## What to work on
After locating the line with "Two elderly individuals", repeat it and every following line to the end of the listing, exactly. Omit the pictures.

## Given information

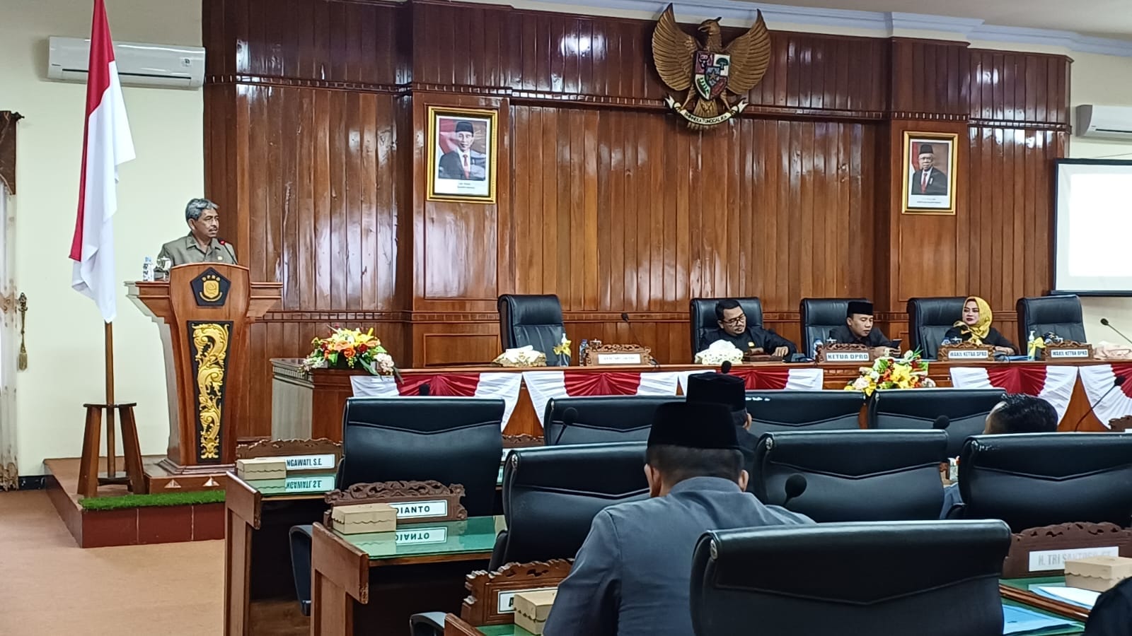 Dalam rapat paripurna kali ini, Kamis (29/9/2022) DPRD mendengarkan jawaban Bupati atas pandangan umum (PU) fraksi terhadap Ranperda APBD tahun anggaran 2023. Dihadiri Sekda Edy Soepriyanto, pelaksanaan paripurna berjalan dengan lancar.
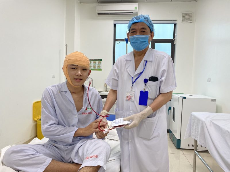 Bệnh nhân Phạm Quang.H sau khi các bác sỹ thực hiện phẫu thuật vá sọ tự thân
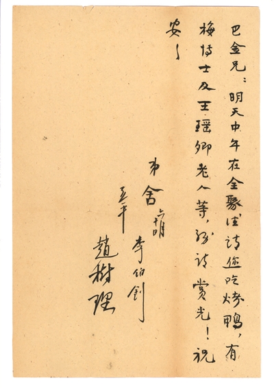 这次展览中,有两张老舍邀请巴金吃饭的便条,写于1950年代初。一张是老舍、王亚平、李伯钊、赵树理等几位北京市文联的负责人联署的:“明天中午在全聚德请您吃烤鸭,有梅博士及王瑶卿老人等,务请赏光!”这算正式宴请。另外一张是巴金说的“吃小馆”:“会后我预备上琉璃厂,您愿同去否?若同去,咱们可顺手吃小馆。”当时的东安市场(后改名东风市场)、琉璃厂都是巴金等文人流连之地,约三五好友在那里买书、买文具或其他的小东西,留下了很多难忘的记忆。
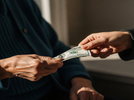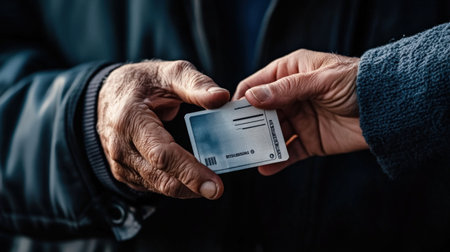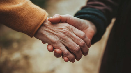 Two elderly individuals share a warm handshake, their hands showing signs of age with wrinkles and tenderness. The scene captures a moment of connection and compassion between them.
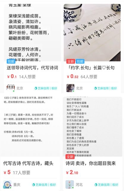 比如代写歌词、打油诗,甚至说唱freestyle的各路“文豪”,这商业思维与《武林外传》里试图靠写家书、情书发家致富的吕秀才一拍即合。
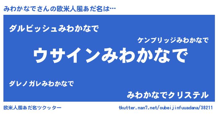 | 男性向けラノベタイトル風あだ名 | 『みわかなでの嫁は女の子じゃないと思った?』 |
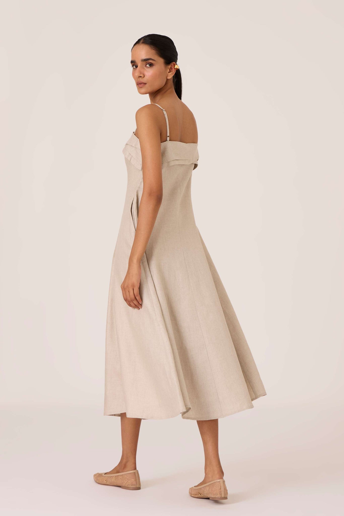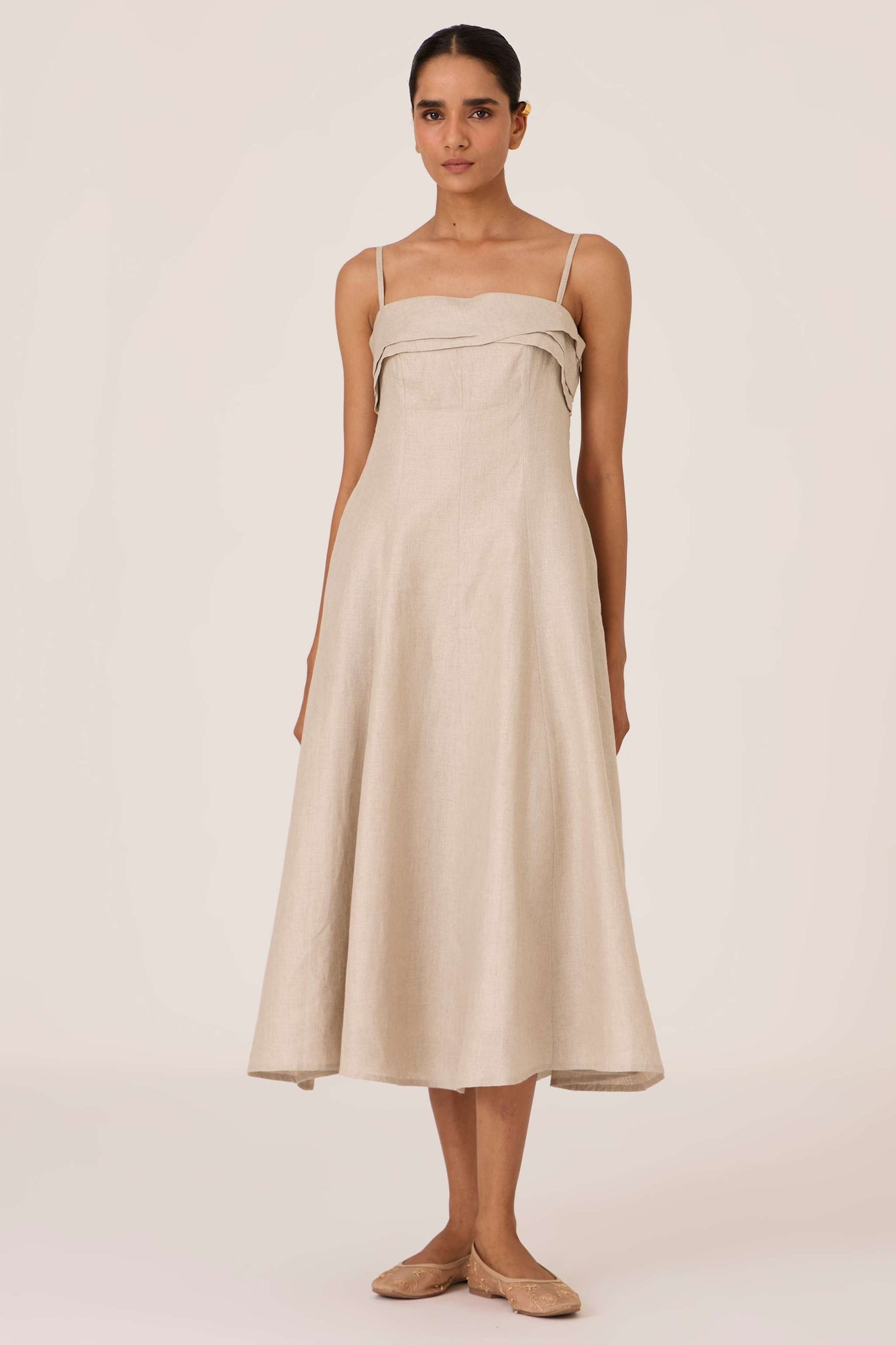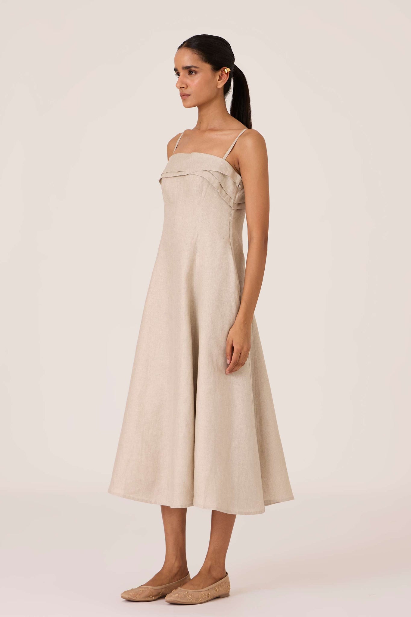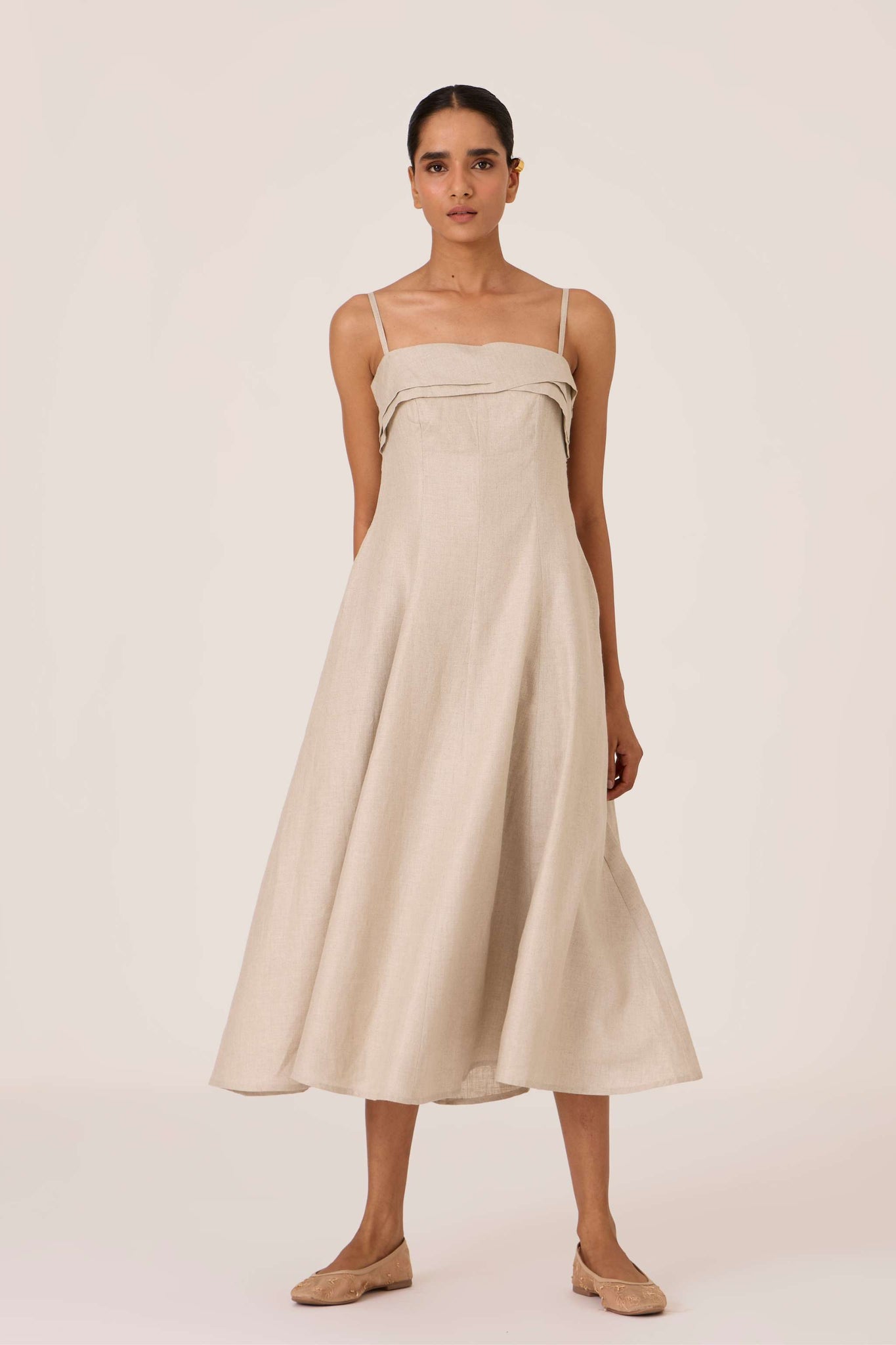 Classic summer linen dress. Flattering flow that gently shapes at the waist. Adjustable straps. Fully lined. In-seam pockets.
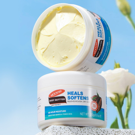 Масло какао повышает эластичность и упругость кожи, усиливает сопротивляемость кожной ткани к появлению стрий. Также масло какао ускоряет процесс восстановления поврежденных клеток кожи, благодаря чему его эффективно использовать после загара, или же для устранения таких косметических дефектов кожи как шрамы, рубцы, и пятна после прыщей.
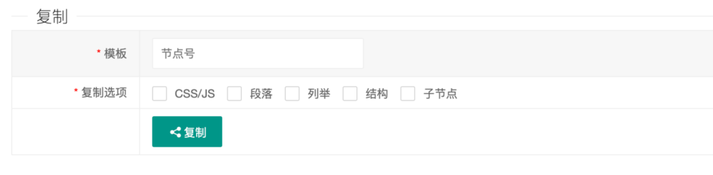 在复制功能界面中,输入要复制栏目的首页节点号,并勾选复制段落、复制列举、复制结构、复制子节点。后单击提交,系统会把指定栏目的所有内容复制到该站点下,此功能也适用于栏目合并或者只复制栏目的结构和模板样式,不复制内容,或只复制模板样式,结构和内容都不复制。

## Answer below
 Two elderly individuals share a warm handshake, their hands showing signs of age with wrinkles and tenderness. The scene captures a moment of connection and compassion between them.
 比如代写歌词、打油诗,甚至说唱freestyle的各路“文豪”,这商业思维与《武林外传》里试图靠写家书、情书发家致富的吕秀才一拍即合。
 | 男性向けラノベタイトル風あだ名 | 『みわかなでの嫁は女の子じゃないと思った?』 |
 Classic summer linen dress. Flattering flow that gently shapes at the waist. Adjustable straps. Fully lined. In-seam pockets.
 Масло какао повышает эластичность и упругость кожи, усиливает сопротивляемость кожной ткани к появлению стрий. Также масло какао ускоряет процесс восстановления поврежденных клеток кожи, благодаря чему его эффективно использовать после загара, или же для устранения таких косметических дефектов кожи как шрамы, рубцы, и пятна после прыщей.
 在复制功能界面中,输入要复制栏目的首页节点号,并勾选复制段落、复制列举、复制结构、复制子节点。后单击提交,系统会把指定栏目的所有内容复制到该站点下,此功能也适用于栏目合并或者只复制栏目的结构和模板样式,不复制内容,或只复制模板样式,结构和内容都不复制。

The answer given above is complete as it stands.